**Stored data:**
☆ ☆ ☆ ☆ ☆ ☆ ☆

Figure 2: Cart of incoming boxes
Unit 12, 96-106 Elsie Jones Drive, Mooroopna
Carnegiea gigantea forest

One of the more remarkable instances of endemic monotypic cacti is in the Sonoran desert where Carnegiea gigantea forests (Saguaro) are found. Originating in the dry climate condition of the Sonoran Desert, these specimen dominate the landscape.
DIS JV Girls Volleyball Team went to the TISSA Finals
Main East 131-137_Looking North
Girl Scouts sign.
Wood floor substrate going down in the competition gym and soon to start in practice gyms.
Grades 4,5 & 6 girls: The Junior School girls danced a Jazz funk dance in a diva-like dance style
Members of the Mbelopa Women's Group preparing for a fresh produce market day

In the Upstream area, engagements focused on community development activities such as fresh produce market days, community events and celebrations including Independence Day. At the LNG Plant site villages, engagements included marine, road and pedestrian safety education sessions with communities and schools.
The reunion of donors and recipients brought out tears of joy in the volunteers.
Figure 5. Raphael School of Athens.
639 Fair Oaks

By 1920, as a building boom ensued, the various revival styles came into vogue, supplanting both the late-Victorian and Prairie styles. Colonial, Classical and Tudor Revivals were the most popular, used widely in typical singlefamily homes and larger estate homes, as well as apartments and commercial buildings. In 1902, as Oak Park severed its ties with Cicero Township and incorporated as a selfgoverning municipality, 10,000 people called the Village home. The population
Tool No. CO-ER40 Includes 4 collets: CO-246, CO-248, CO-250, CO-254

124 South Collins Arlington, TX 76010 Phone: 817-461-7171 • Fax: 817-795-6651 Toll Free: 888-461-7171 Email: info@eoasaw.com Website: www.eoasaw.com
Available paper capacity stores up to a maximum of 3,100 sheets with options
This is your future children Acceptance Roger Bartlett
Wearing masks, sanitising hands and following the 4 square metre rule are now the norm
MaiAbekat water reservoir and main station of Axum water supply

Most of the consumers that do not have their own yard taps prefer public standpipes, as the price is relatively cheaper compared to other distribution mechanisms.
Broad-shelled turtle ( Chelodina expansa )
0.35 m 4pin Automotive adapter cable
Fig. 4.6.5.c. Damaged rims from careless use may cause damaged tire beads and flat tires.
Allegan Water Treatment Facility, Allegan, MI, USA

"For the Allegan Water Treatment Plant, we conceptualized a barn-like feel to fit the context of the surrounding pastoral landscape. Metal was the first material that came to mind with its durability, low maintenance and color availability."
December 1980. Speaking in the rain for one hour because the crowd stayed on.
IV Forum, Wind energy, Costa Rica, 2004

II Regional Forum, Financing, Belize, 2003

☆ ☆ ☆ ☆ ☆ ☆ ☆

**Required action:** On how many lines of the listing does the string "produce" appear? Only the number should be given.

**Response to this exercise:** 2